**Supplied material:**
■ ■ ■ ■ ■

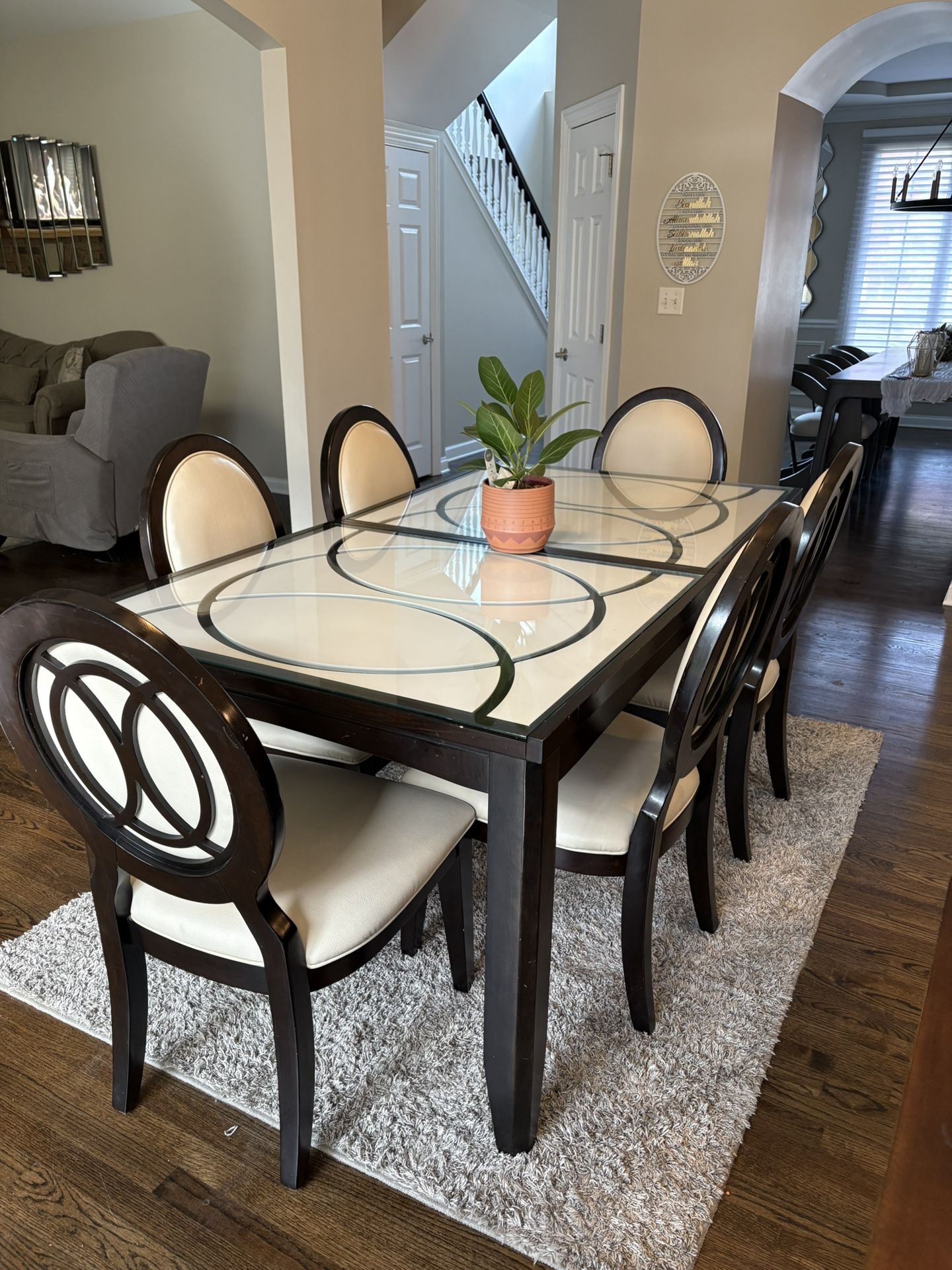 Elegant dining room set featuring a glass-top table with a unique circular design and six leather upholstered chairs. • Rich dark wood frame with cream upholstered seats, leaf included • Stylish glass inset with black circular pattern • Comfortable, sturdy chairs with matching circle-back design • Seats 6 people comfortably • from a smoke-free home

■ ■ ■ ■ ■

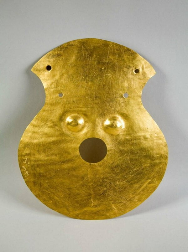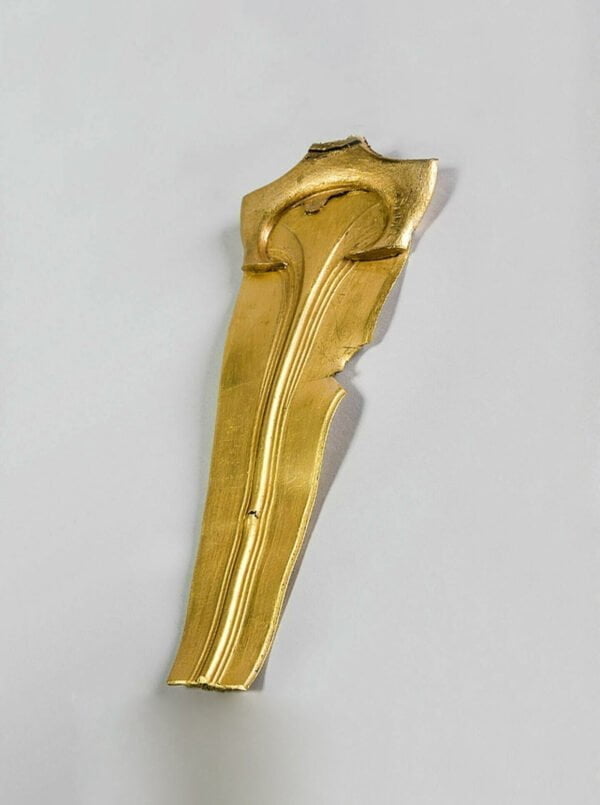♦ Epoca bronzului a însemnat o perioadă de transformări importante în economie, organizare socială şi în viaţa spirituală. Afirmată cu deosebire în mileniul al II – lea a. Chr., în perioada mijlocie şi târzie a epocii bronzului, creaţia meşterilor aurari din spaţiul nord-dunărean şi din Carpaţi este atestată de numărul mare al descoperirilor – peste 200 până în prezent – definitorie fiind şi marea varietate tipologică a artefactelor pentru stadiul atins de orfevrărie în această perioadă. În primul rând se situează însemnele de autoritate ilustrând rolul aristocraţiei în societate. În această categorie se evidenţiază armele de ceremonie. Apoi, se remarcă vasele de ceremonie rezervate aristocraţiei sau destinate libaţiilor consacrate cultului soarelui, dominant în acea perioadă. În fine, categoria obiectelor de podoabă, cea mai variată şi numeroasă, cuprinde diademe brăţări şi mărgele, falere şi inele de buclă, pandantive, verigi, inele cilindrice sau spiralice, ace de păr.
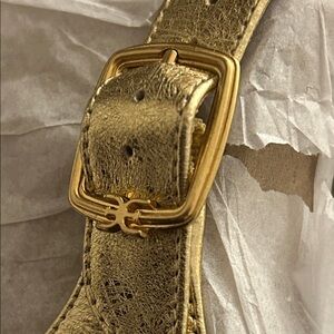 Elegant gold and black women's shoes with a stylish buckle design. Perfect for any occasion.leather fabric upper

■ ■ ■ ■ ■

Retype only the lines above from the one with "ace de păr." through the one with "Elegant gold and", exactly and with both ends. Images stay out.

**Output for this task:**
♦ Epoca bronzului a însemnat o perioadă de transformări importante în economie, organizare socială şi în viaţa spirituală. Afirmată cu deosebire în mileniul al II – lea a. Chr., în perioada mijlocie şi târzie a epocii bronzului, creaţia meşterilor aurari din spaţiul nord-dunărean şi din Carpaţi este atestată de numărul mare al descoperirilor – peste 200 până în prezent – definitorie fiind şi marea varietate tipologică a artefactelor pentru stadiul atins de orfevrărie în această perioadă. În primul rând se situează însemnele de autoritate ilustrând rolul aristocraţiei în societate. În această categorie se evidenţiază armele de ceremonie. Apoi, se remarcă vasele de ceremonie rezervate aristocraţiei sau destinate libaţiilor consacrate cultului soarelui, dominant în acea perioadă. În fine, categoria obiectelor de podoabă, cea mai variată şi numeroasă, cuprinde diademe brăţări şi mărgele, falere şi inele de buclă, pandantive, verigi, inele cilindrice sau spiralice, ace de păr.
 Elegant gold and black women's shoes with a stylish buckle design. Perfect for any occasion.leather fabric upper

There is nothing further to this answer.